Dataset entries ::
=== Begin Enclosure ===
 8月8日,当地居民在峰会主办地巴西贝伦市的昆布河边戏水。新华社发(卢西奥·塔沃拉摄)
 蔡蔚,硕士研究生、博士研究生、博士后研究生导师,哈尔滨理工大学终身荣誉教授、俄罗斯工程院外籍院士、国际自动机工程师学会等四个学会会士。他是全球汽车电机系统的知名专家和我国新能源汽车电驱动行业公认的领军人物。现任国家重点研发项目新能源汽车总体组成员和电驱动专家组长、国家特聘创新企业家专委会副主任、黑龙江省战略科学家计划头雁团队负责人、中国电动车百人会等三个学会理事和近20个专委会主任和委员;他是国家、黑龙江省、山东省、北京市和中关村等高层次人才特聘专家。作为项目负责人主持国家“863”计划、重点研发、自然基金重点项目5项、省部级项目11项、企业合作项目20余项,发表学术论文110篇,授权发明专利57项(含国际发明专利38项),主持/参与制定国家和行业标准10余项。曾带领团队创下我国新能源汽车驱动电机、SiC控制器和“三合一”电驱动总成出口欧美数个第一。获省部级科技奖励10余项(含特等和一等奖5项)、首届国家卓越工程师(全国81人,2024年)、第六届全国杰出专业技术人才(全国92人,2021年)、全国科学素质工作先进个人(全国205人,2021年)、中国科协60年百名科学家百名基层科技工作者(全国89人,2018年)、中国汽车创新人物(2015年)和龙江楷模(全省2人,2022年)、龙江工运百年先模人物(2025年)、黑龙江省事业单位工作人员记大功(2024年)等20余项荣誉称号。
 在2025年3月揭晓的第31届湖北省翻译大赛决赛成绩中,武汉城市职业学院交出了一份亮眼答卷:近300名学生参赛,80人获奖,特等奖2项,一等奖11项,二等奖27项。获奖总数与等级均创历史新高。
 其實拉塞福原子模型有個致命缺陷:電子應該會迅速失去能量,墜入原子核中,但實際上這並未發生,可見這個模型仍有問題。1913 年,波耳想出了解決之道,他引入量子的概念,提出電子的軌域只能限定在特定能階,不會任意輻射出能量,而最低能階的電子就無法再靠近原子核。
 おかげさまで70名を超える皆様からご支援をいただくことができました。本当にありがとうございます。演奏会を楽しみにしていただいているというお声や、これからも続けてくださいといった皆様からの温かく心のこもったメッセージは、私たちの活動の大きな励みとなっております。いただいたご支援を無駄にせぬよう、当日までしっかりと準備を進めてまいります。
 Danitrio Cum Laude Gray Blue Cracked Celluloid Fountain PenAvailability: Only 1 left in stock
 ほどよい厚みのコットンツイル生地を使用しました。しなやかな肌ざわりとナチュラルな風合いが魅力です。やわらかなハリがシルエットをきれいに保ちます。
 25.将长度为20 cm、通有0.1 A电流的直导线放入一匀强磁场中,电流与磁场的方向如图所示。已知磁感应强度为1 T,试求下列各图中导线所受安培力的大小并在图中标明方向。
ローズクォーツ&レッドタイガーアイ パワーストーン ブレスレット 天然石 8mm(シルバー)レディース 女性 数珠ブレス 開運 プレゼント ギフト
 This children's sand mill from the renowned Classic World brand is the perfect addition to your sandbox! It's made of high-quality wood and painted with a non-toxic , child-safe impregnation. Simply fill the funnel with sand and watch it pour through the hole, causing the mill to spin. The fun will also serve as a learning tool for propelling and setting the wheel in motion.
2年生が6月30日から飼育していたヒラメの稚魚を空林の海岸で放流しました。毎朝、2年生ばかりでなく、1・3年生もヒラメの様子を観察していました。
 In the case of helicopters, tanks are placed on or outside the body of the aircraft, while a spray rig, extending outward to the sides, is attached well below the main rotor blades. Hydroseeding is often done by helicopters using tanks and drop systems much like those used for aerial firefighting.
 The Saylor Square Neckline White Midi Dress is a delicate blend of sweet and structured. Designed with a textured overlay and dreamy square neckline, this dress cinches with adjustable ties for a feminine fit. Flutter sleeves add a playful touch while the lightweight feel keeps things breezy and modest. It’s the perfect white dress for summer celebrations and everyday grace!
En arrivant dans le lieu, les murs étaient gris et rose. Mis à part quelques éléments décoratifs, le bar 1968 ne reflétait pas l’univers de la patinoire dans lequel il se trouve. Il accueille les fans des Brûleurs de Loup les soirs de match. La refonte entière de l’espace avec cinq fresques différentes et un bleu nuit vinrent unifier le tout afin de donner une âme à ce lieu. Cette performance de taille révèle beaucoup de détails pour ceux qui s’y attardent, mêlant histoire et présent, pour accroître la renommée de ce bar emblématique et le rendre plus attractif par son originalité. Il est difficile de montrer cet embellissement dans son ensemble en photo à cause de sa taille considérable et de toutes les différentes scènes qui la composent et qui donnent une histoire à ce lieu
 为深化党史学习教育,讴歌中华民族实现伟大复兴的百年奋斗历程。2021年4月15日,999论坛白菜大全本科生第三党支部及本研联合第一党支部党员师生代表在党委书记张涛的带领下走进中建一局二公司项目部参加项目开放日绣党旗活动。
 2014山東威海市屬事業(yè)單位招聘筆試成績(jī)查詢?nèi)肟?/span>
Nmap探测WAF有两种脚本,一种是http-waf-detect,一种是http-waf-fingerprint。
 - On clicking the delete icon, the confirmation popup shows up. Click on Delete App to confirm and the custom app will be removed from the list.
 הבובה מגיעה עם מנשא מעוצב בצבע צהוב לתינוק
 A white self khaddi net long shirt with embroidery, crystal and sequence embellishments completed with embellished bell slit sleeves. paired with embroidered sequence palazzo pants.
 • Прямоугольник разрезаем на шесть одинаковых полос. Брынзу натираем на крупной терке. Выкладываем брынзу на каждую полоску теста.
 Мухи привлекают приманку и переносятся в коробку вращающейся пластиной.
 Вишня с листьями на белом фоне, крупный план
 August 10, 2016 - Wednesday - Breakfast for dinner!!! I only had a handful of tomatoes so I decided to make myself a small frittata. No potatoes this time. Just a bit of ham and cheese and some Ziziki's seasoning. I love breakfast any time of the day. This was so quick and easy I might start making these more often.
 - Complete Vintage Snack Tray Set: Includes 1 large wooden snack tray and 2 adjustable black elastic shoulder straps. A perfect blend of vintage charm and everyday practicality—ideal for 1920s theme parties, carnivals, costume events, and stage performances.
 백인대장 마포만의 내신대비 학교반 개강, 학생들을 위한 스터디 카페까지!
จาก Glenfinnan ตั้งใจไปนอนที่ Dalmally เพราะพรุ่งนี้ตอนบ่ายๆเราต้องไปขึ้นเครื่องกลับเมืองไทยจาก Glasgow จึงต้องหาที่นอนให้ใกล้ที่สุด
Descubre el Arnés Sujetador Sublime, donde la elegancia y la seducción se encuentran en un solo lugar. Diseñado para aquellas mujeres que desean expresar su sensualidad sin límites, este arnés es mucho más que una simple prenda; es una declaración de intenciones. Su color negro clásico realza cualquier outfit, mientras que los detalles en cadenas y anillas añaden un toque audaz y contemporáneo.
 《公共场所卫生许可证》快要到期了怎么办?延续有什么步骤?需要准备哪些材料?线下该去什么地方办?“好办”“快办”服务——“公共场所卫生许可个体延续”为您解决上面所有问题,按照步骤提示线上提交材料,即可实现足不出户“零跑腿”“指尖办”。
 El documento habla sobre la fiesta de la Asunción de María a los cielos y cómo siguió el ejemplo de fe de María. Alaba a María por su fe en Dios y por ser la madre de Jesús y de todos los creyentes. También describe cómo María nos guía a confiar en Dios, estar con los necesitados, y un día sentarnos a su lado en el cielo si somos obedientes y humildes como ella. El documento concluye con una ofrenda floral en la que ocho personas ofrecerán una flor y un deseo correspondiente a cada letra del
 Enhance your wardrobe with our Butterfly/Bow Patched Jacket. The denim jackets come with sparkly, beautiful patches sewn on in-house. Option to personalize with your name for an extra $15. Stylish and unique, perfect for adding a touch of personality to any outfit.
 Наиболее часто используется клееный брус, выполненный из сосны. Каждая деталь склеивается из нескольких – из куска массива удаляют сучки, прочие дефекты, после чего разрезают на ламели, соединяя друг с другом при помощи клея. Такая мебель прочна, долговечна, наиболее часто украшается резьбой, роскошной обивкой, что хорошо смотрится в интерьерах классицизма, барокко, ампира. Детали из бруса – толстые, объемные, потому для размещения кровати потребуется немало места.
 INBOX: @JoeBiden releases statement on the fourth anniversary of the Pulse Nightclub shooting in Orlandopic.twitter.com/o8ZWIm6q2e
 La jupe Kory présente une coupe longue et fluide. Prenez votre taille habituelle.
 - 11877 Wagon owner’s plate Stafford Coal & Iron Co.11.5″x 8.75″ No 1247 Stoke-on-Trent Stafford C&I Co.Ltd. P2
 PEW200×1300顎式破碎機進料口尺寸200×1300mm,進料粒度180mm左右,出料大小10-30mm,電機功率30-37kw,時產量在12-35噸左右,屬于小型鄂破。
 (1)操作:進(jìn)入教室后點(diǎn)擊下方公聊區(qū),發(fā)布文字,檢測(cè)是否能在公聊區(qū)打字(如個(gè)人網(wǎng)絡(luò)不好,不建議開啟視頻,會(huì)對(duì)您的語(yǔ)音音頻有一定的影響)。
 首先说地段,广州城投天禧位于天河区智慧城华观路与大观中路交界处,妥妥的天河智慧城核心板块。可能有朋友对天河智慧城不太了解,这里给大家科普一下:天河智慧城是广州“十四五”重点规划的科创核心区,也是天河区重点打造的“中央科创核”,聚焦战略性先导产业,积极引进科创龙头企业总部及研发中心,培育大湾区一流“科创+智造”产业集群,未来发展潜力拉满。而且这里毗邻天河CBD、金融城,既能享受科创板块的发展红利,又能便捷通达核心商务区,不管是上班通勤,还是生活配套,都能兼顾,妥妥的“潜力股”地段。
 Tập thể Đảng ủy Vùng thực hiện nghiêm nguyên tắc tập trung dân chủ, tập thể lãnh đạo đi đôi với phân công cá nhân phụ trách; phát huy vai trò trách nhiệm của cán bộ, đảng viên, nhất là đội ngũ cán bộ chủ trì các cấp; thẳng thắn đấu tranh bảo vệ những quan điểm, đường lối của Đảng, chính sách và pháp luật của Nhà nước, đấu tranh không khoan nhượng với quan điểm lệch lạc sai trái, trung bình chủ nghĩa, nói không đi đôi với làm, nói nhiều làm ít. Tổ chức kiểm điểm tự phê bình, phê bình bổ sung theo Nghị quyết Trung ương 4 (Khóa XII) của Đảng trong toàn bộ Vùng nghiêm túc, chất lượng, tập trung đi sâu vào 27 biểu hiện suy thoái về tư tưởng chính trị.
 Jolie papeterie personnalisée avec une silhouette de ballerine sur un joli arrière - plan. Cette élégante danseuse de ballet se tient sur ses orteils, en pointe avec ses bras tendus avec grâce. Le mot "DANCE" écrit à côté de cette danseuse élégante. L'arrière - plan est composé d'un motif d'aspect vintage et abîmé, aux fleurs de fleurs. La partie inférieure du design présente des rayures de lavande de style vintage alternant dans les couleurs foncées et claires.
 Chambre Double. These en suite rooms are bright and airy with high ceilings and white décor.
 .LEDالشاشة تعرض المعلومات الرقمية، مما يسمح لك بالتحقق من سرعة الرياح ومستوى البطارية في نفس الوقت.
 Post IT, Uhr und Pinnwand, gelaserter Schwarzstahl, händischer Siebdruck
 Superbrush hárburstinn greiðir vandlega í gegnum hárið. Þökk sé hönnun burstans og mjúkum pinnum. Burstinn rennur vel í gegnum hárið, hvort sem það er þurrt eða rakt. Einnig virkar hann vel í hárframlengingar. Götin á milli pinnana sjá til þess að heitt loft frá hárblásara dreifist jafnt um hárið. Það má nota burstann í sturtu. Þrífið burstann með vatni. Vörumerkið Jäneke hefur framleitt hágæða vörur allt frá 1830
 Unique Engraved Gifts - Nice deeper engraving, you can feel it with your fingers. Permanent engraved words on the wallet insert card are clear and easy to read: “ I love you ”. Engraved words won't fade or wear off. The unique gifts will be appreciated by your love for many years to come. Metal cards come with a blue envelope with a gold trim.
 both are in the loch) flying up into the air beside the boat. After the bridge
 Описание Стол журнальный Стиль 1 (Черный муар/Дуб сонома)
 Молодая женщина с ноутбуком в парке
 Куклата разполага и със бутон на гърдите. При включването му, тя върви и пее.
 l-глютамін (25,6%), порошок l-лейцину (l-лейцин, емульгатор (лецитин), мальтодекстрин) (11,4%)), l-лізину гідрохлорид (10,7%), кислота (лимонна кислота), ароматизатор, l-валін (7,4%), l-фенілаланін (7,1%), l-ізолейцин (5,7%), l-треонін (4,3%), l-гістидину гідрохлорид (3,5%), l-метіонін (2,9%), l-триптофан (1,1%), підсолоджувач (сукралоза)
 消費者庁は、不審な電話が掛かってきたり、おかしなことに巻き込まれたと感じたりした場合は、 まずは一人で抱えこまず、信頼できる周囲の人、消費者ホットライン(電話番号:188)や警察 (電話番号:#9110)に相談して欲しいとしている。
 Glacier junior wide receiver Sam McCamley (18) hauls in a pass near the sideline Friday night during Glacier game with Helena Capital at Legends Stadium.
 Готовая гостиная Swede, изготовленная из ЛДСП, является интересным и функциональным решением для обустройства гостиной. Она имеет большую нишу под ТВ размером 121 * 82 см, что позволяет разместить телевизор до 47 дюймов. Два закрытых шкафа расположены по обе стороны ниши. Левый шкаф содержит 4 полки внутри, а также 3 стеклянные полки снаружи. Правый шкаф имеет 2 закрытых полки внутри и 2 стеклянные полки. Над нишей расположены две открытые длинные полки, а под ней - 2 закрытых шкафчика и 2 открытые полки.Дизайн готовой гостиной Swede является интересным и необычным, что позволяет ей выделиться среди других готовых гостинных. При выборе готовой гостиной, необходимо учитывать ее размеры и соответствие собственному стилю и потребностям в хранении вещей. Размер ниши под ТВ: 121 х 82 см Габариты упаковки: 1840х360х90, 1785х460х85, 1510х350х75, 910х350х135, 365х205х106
=== End Enclosure ===
What the exercise asks :: Having output the line that contains "In the case", stop. Every line before it, back to the first line of the data, must be reproduced exactly.

Answer ::
 8月8日,当地居民在峰会主办地巴西贝伦市的昆布河边戏水。新华社发(卢西奥·塔沃拉摄)
 蔡蔚,硕士研究生、博士研究生、博士后研究生导师,哈尔滨理工大学终身荣誉教授、俄罗斯工程院外籍院士、国际自动机工程师学会等四个学会会士。他是全球汽车电机系统的知名专家和我国新能源汽车电驱动行业公认的领军人物。现任国家重点研发项目新能源汽车总体组成员和电驱动专家组长、国家特聘创新企业家专委会副主任、黑龙江省战略科学家计划头雁团队负责人、中国电动车百人会等三个学会理事和近20个专委会主任和委员;他是国家、黑龙江省、山东省、北京市和中关村等高层次人才特聘专家。作为项目负责人主持国家“863”计划、重点研发、自然基金重点项目5项、省部级项目11项、企业合作项目20余项,发表学术论文110篇,授权发明专利57项(含国际发明专利38项),主持/参与制定国家和行业标准10余项。曾带领团队创下我国新能源汽车驱动电机、SiC控制器和“三合一”电驱动总成出口欧美数个第一。获省部级科技奖励10余项(含特等和一等奖5项)、首届国家卓越工程师(全国81人,2024年)、第六届全国杰出专业技术人才(全国92人,2021年)、全国科学素质工作先进个人(全国205人,2021年)、中国科协60年百名科学家百名基层科技工作者(全国89人,2018年)、中国汽车创新人物(2015年)和龙江楷模(全省2人,2022年)、龙江工运百年先模人物(2025年)、黑龙江省事业单位工作人员记大功(2024年)等20余项荣誉称号。
 在2025年3月揭晓的第31届湖北省翻译大赛决赛成绩中,武汉城市职业学院交出了一份亮眼答卷:近300名学生参赛,80人获奖,特等奖2项,一等奖11项,二等奖27项。获奖总数与等级均创历史新高。
 其實拉塞福原子模型有個致命缺陷:電子應該會迅速失去能量,墜入原子核中,但實際上這並未發生,可見這個模型仍有問題。1913 年,波耳想出了解決之道,他引入量子的概念,提出電子的軌域只能限定在特定能階,不會任意輻射出能量,而最低能階的電子就無法再靠近原子核。
 おかげさまで70名を超える皆様からご支援をいただくことができました。本当にありがとうございます。演奏会を楽しみにしていただいているというお声や、これからも続けてくださいといった皆様からの温かく心のこもったメッセージは、私たちの活動の大きな励みとなっております。いただいたご支援を無駄にせぬよう、当日までしっかりと準備を進めてまいります。
 Danitrio Cum Laude Gray Blue Cracked Celluloid Fountain PenAvailability: Only 1 left in stock
 ほどよい厚みのコットンツイル生地を使用しました。しなやかな肌ざわりとナチュラルな風合いが魅力です。やわらかなハリがシルエットをきれいに保ちます。
 25.将长度为20 cm、通有0.1 A电流的直导线放入一匀强磁场中,电流与磁场的方向如图所示。已知磁感应强度为1 T,试求下列各图中导线所受安培力的大小并在图中标明方向。
ローズクォーツ&レッドタイガーアイ パワーストーン ブレスレット 天然石 8mm(シルバー)レディース 女性 数珠ブレス 開運 プレゼント ギフト
 This children's sand mill from the renowned Classic World brand is the perfect addition to your sandbox! It's made of high-quality wood and painted with a non-toxic , child-safe impregnation. Simply fill the funnel with sand and watch it pour through the hole, causing the mill to spin. The fun will also serve as a learning tool for propelling and setting the wheel in motion.
2年生が6月30日から飼育していたヒラメの稚魚を空林の海岸で放流しました。毎朝、2年生ばかりでなく、1・3年生もヒラメの様子を観察していました。
 In the case of helicopters, tanks are placed on or outside the body of the aircraft, while a spray rig, extending outward to the sides, is attached well below the main rotor blades. Hydroseeding is often done by helicopters using tanks and drop systems much like those used for aerial firefighting.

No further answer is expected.